As soon as the Pepsi fizzled out on my tongue, I tasted the two-liters of it we’d bring to her house along with breadsticks from the local pizza place. I tasted moments in her kitchen, where I would sit on the floor under the faltering lights and play with her dogs while my mom sipped coffee (I still remember the mug), knowing it wouldn’t be long before we went home. I tasted the rare days when we’d get to visit that old house that was three hours away from us, which she clung to steadfastly, keeping spare bedrooms and corners for the memories of whom she loves. The shrine of her son; her husband’s bed, his things piled high; the old toys and clothes of my mother, and eventually my sister, then eventually me. Her house always felt like a place where nothing bad could happen, like we left time at the door with our shoes until we waved goodbye in her garage and loaded up in the car, where my mom would cry in the driver’s seat, putting into tears what nobody wanted to put into words. I realized that I could probably draw an exact floor plan of her house if asked.

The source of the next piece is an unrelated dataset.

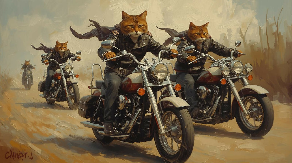 Parody painting of a feline biker gang on the open road.
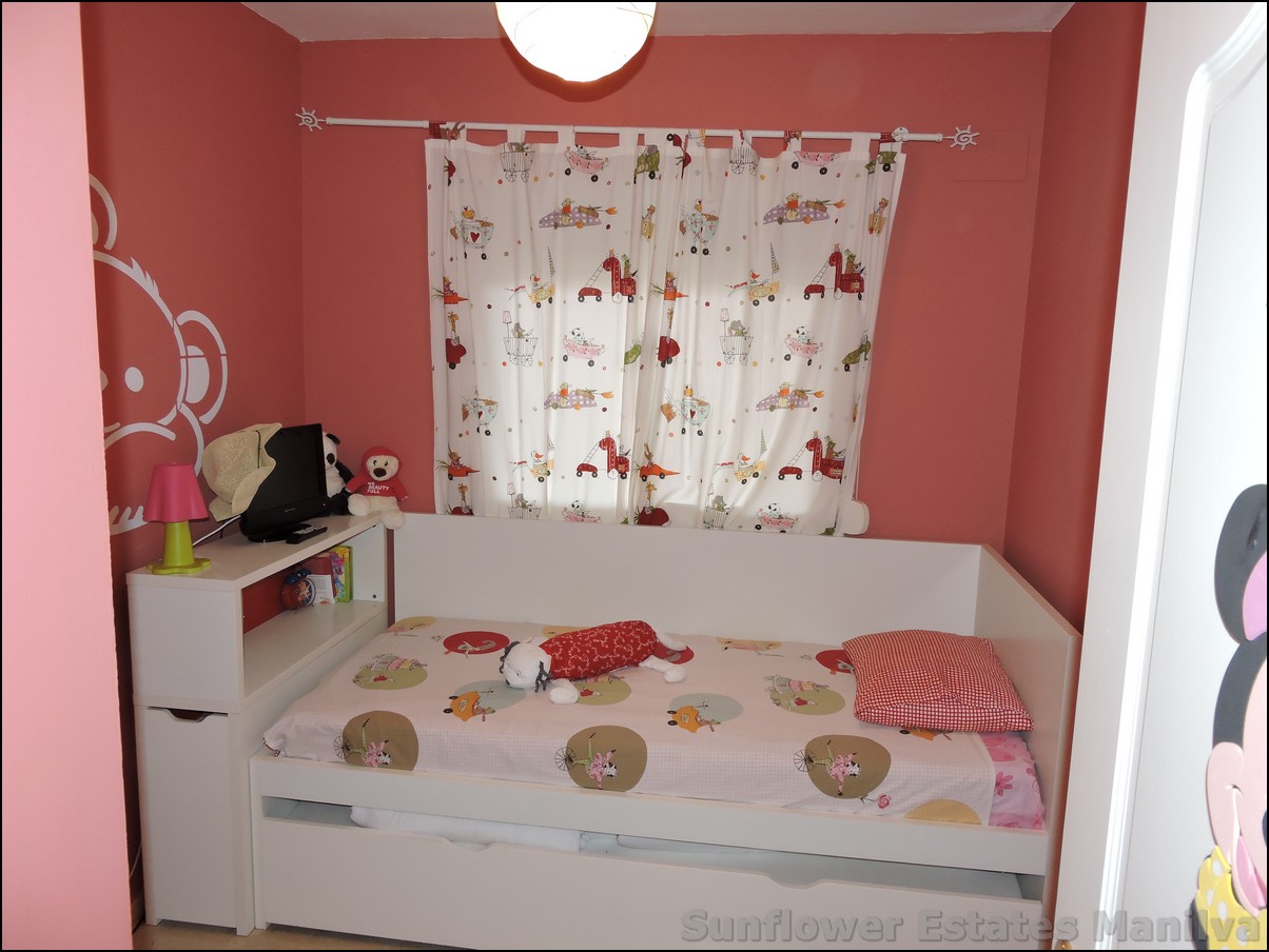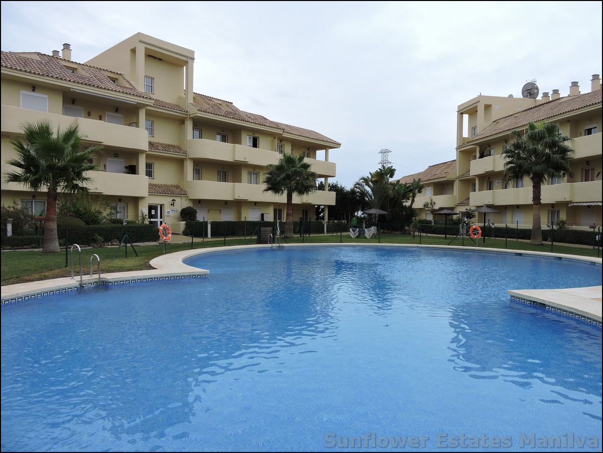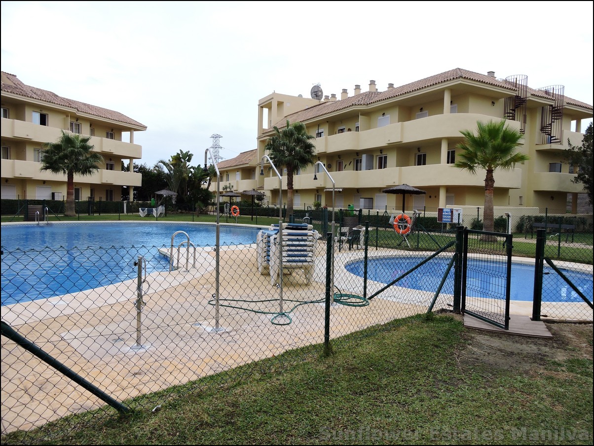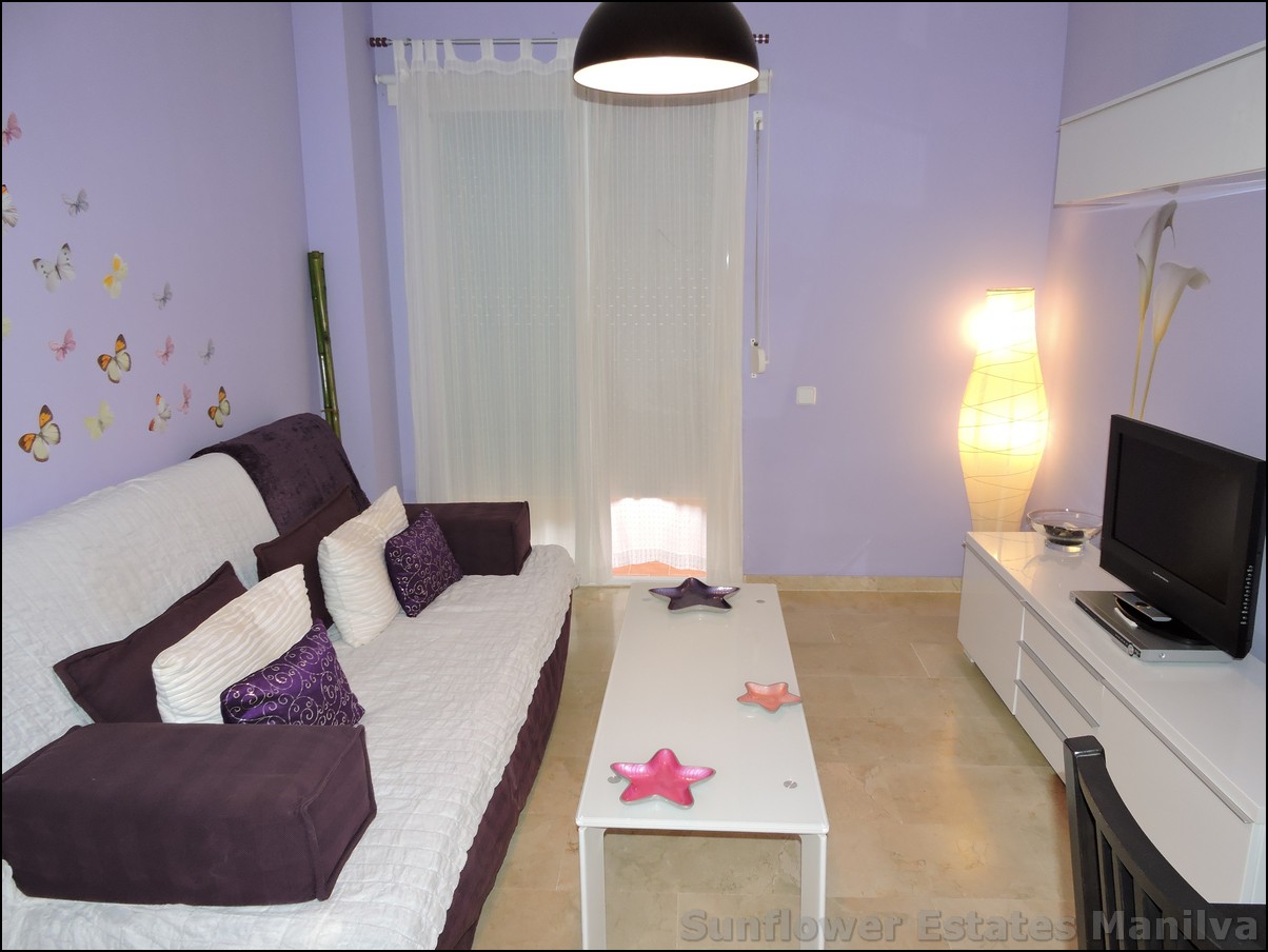 Overview: GREAT DEAL! Apartment with views, parking, pool and storage! Walking distance to the beach, great rental investment! Fantastic two bedrooms, two bathrooms apartment, including parking space and storage room! Urbanization very new and really nicely done, communal fees 80 Euros a month. Large communal pool and separate children’s pool. Fully air conditioned and electric. This urbanization is walking distance from Aldea beach and has a good size terrace with sea views and morning sun. ESPAÑOL: Apartamento de dos habitaciones y dos baños. Uno amueblado para habitación de niña. La habitación principal con baño de bañera y el baño familiar con una ducha. El salón y comedor conjunto y de buen tamaño, muebles modernos y comodos todo incluido en el precio. Una terraza mirando al este y con vistas laterales al mar. Cerca de uno de las mejores playas de Manilva – Aldea beach. Comunidad con piscina y el precio incluye un parking de un buen tamaño y trastero! Comunidad al mes de 79Euros y IBI anual 401Euros..

I realized that I didn’t immediately remember the oxygen tank she was hooked up to most of the time— its hollow, mechanical breaths finding their way between her sentences, or the bottles of warfarin, scattered and tipped on the table, or the thinning of her hair and stomach as she smiled for me in an act of rebellion against her sickness, telling me to smile too. Those were afterthoughts. The soda didn’t taste like her pain, but the love she gave me: in words, in gifts, in texts that linger in my inbox. I know that she is probably somewhere now—miles and miles away, or close by, I hope, but there’s no way of knowing. I still feel the residual of how she loved me and the fear that all I have to offer in return is this little requiem that may also dissolve in my mouth.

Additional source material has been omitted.